MS: Let’s bring it back around to the book—Clove is trying to outrun her trauma but eventually she comes up against the fact that it’s still there in the room with her. I’m curious whether for you, Madwoman tells a hopeful story about trauma and motherhood?

Violence doesn’t just end, someone has to carry it.

CB: I do think Clove comes to the understanding that she cannot bypass her trauma. She realizes it’s not serving her or her children or her relationships to hide from the truth of her past; it’s actually this massive bypass. At the start of the book she mentions that she’s done so many different healing modalities—but she has never tried just looking at the truth of her life directly. I think the novel ends with a door opening for Clove, rather than closing.

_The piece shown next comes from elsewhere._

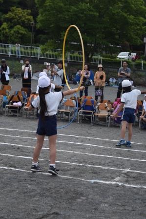 今度は片手で回して、そして二人組でも回して、最後にジャンプ。
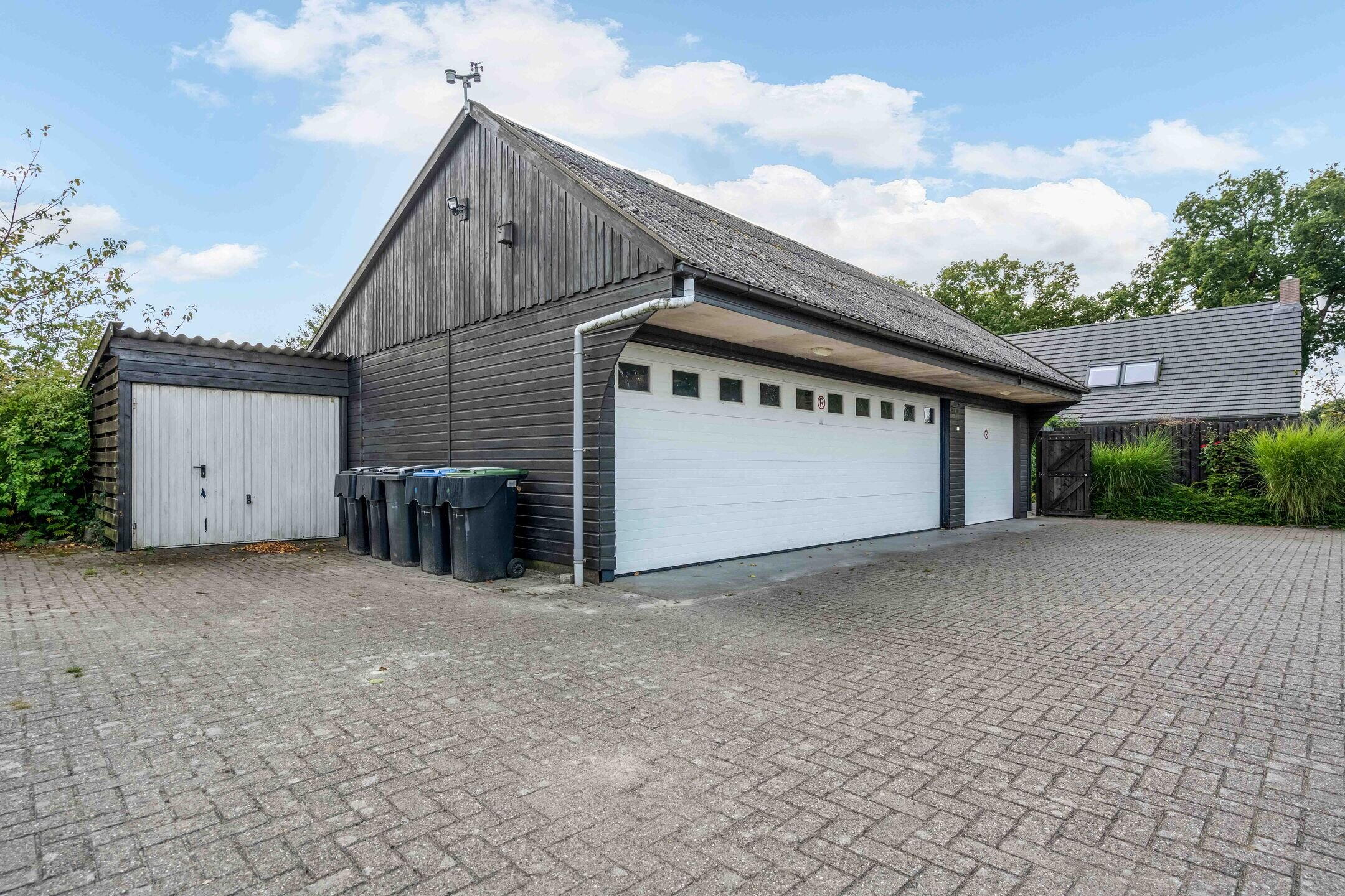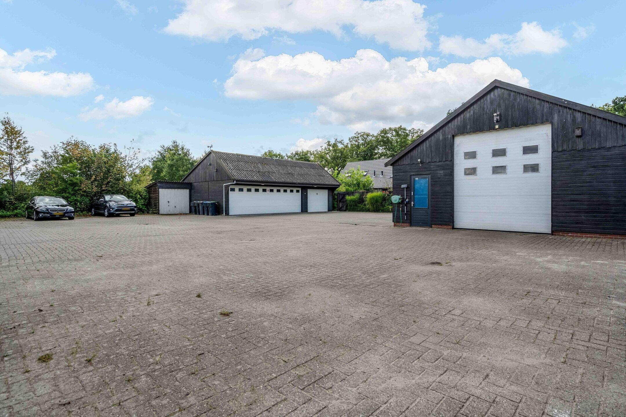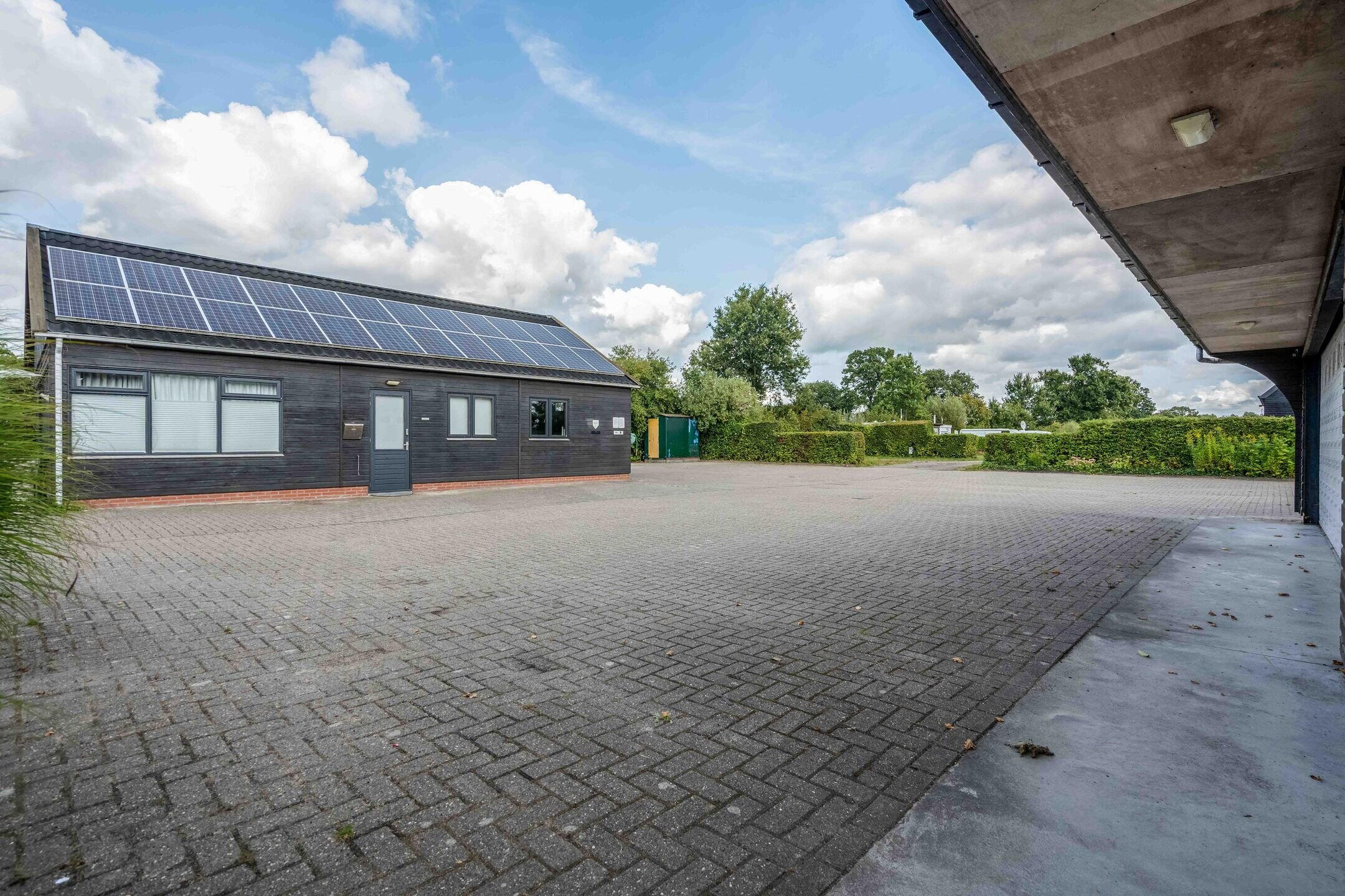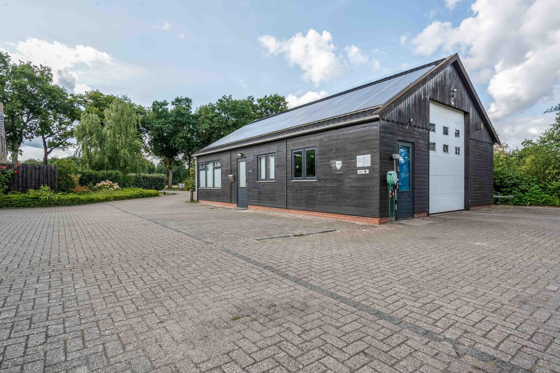 Aan de achterzijde van dit gebouw bevindt zich nog een grote schuur/hangar met toilet en een elektrisch bedienbare overheaddeur van 4,5 meter hoog, ideaal voor bijvoorbeeld het stallen van uw camper.

MS: Are you feeling ready to put such a personal novel out into the world, and for the heavy emotional responses you’re likely to receive from your readership? Is it different from the first two books?

CB: This is such a different feeling. I’ve been really emotional lately, and I think it’s because I’m anticipating what it’ll feel like to have the book out in the world. I do feel that, as you’ve said, women might read this and it’ll spark conversation or deepen their understanding of something—that is the utmost goal, the most amazing outcome I could imagine for Madwoman: for women to understand the effects of domestic violence in a way that fosters connection rather than division. I look forward to that piece of it, I really do. Beyond my urge to write, to make art, I do have a sense that this book needed to exist, to be in the world. The suffering my mother endured, that I endured, I like the idea that it might have a meaning beyond just suffering. That is what art does. This is the power of story.